|Type of paper:||Literature review|
|Categories:||Shirley Jackson The Lottery|
Traditions exist in every society, but do we have to follow them blindly? "The Lottery" talks about a town which has a lottery every year in choosing the person who is supposed to be sacrificed for it to have plentiful grown crops during the year. The reasons behind the existence of the tradition are not explained in the story. Apart from this tradition, human nature of being violent and cruel to each other is also portrayed. Irony and symbolism are used in "The Lottery" in revealing that traditions which have lost their societal meaning might make otherwise normal individuals in acting abnormally without even thinking.
The black box is the first symbol used in the story, and it has names that are picked annually for the lottery. The black box represents lottery tradition and the loyalty the villagers has on it. Even though the black box was worn out and shabby, the villagers still insisted that they should not get a new one. "Mr. Summers spoke frequently to the villagers about making a new box, but no one liked to upset even as much tradition as was represented by the black box" (McMahan et al. 128). The statement shows that the villagers were so obsessed and attached to the box. Also, the black box symbolized the villagers' traditions since, "There was a story that the present box had been made with some pieces of the box that had preceded it, the one that had been constructed when the first people settled down to make a village here" (128).

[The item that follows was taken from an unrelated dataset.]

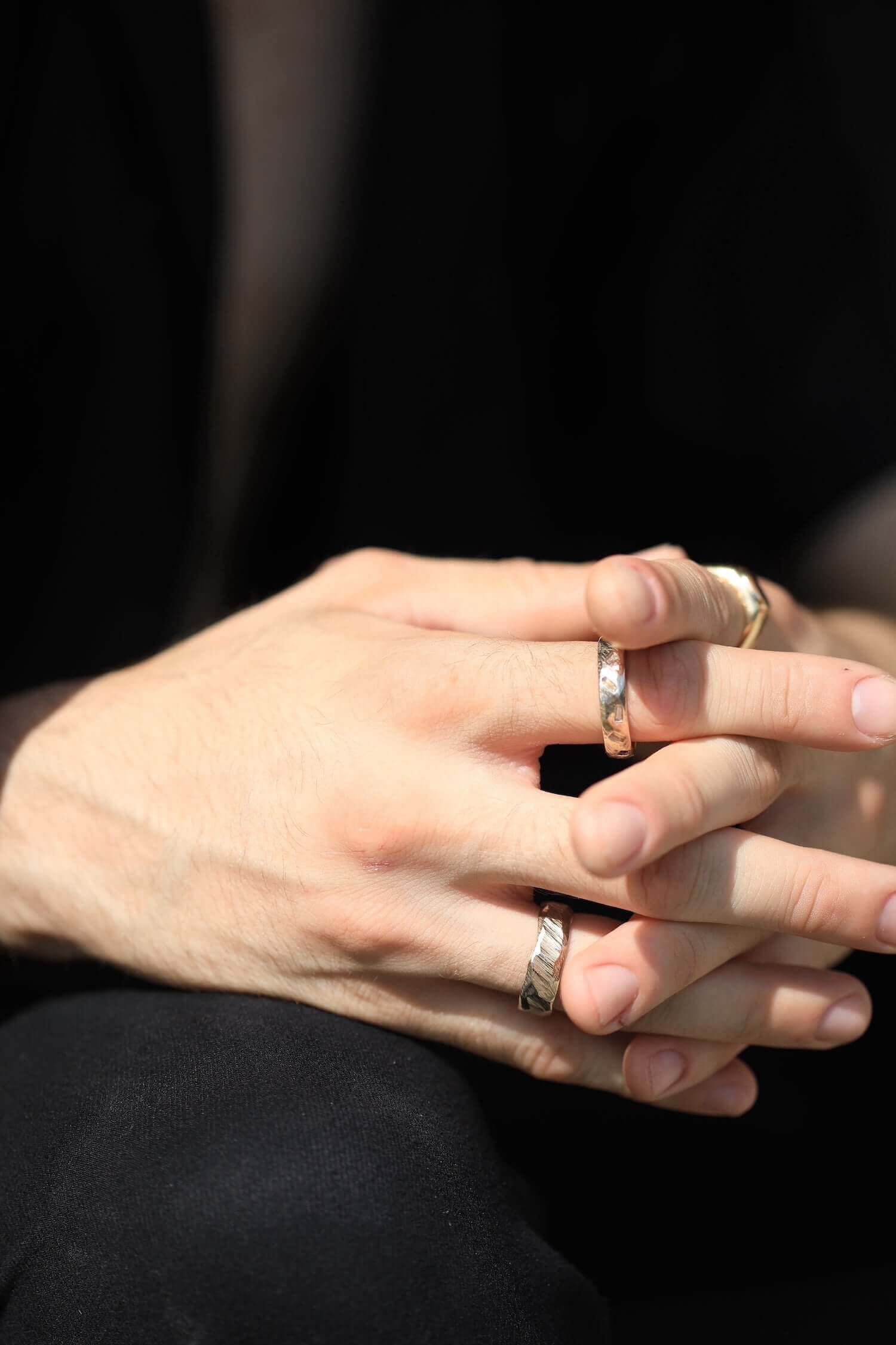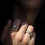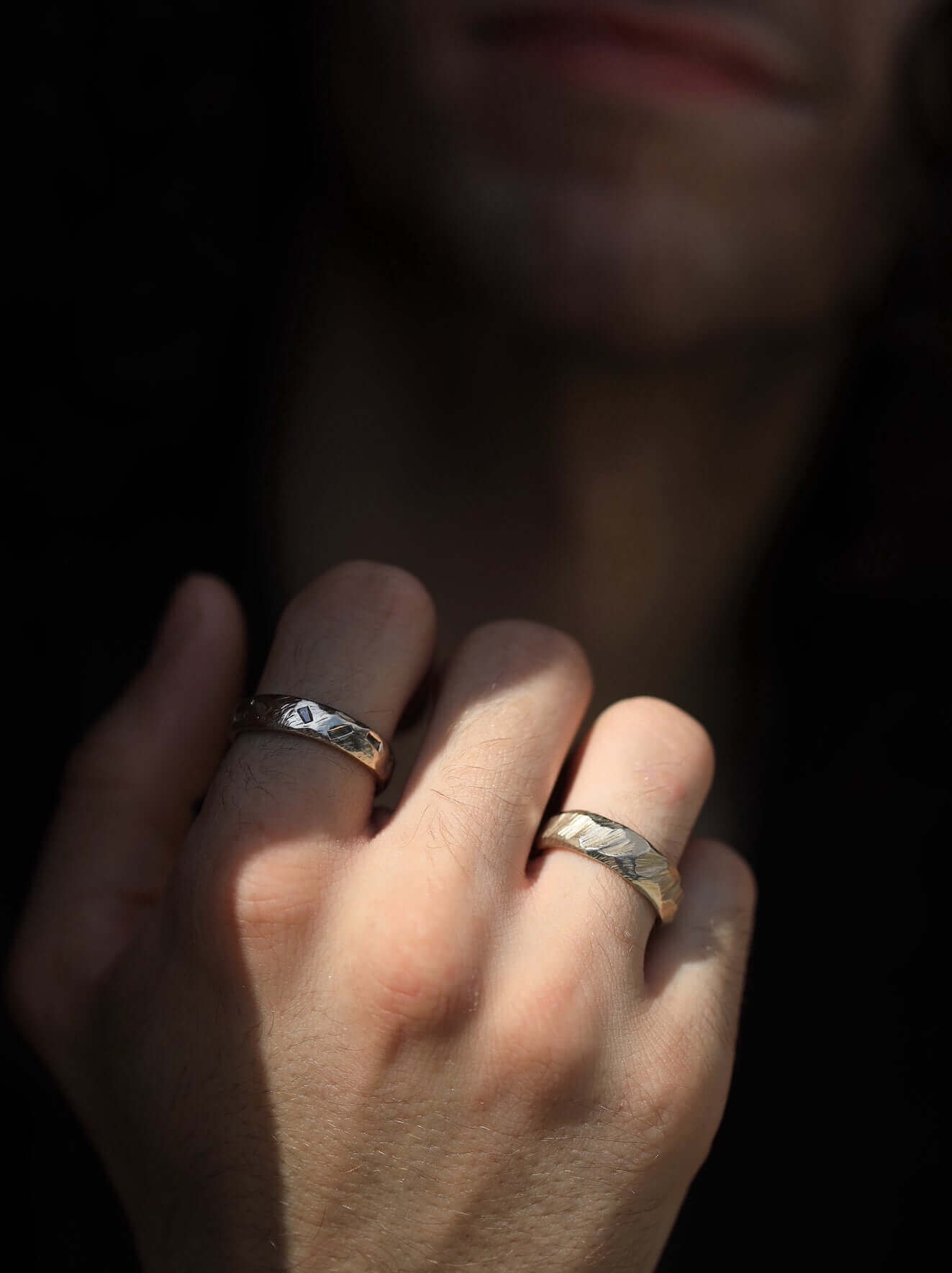 The Ragged Series are organic versions of traditional wedding bands. The texture, originally created by accident, is carved on each ring individually so no two rings are ever the same

Tessie Hutchinson is used in the story to symbolized people in the society who do not injustices conducted in society until it personally affects them. Tessie follows the tradition of the village on lottery blindly until one of her family members is chosen. When Tessie's family is chosen, she says, "You didn't give him time enough to take any paper he wanted. I saw you. It wasn't fair!" (131). In the past, Tessie was happy to participate in the lottery. However, everything changed when she is chosen which makes her a hypocrite. Furthermore, when she is about to be stoned, she makes claims, "It isn't fair, it isn't right" (132).
The main irony in "The Lottery" is being evil. In society, the lottery might be regarded as a good thing; however, the story depicts it differently. The irony strengthens the horror and surprise of the story. It also makes the reader catch the main idea of the story. At some point in the story, two men discuss a town which stopped performing lottery and the older one says, "Next thing you know, they'll be wanting to go back to living in caves" (130). The idea of not being civilized if the act is not performed that a reader finds uncivilized is essential to the story's idea.
In summary, the black box symbolizes darkness and death. On the other hand, Tessie symbolizes the people in the society who do not question traditions, irrespective of their inhumanness, until it influences them personally. Moreover, irony is used in the story to reveal the things that make normal people act abnormally. For instance, civilization being talked about by the two men is not even depicted in the story. In the Lottery, the author points out the way humans can follow anything since it is a tradition even if its barbaric.
McMahan, Elizabeth, et al. Literature and the writing process. Pearson, 2018.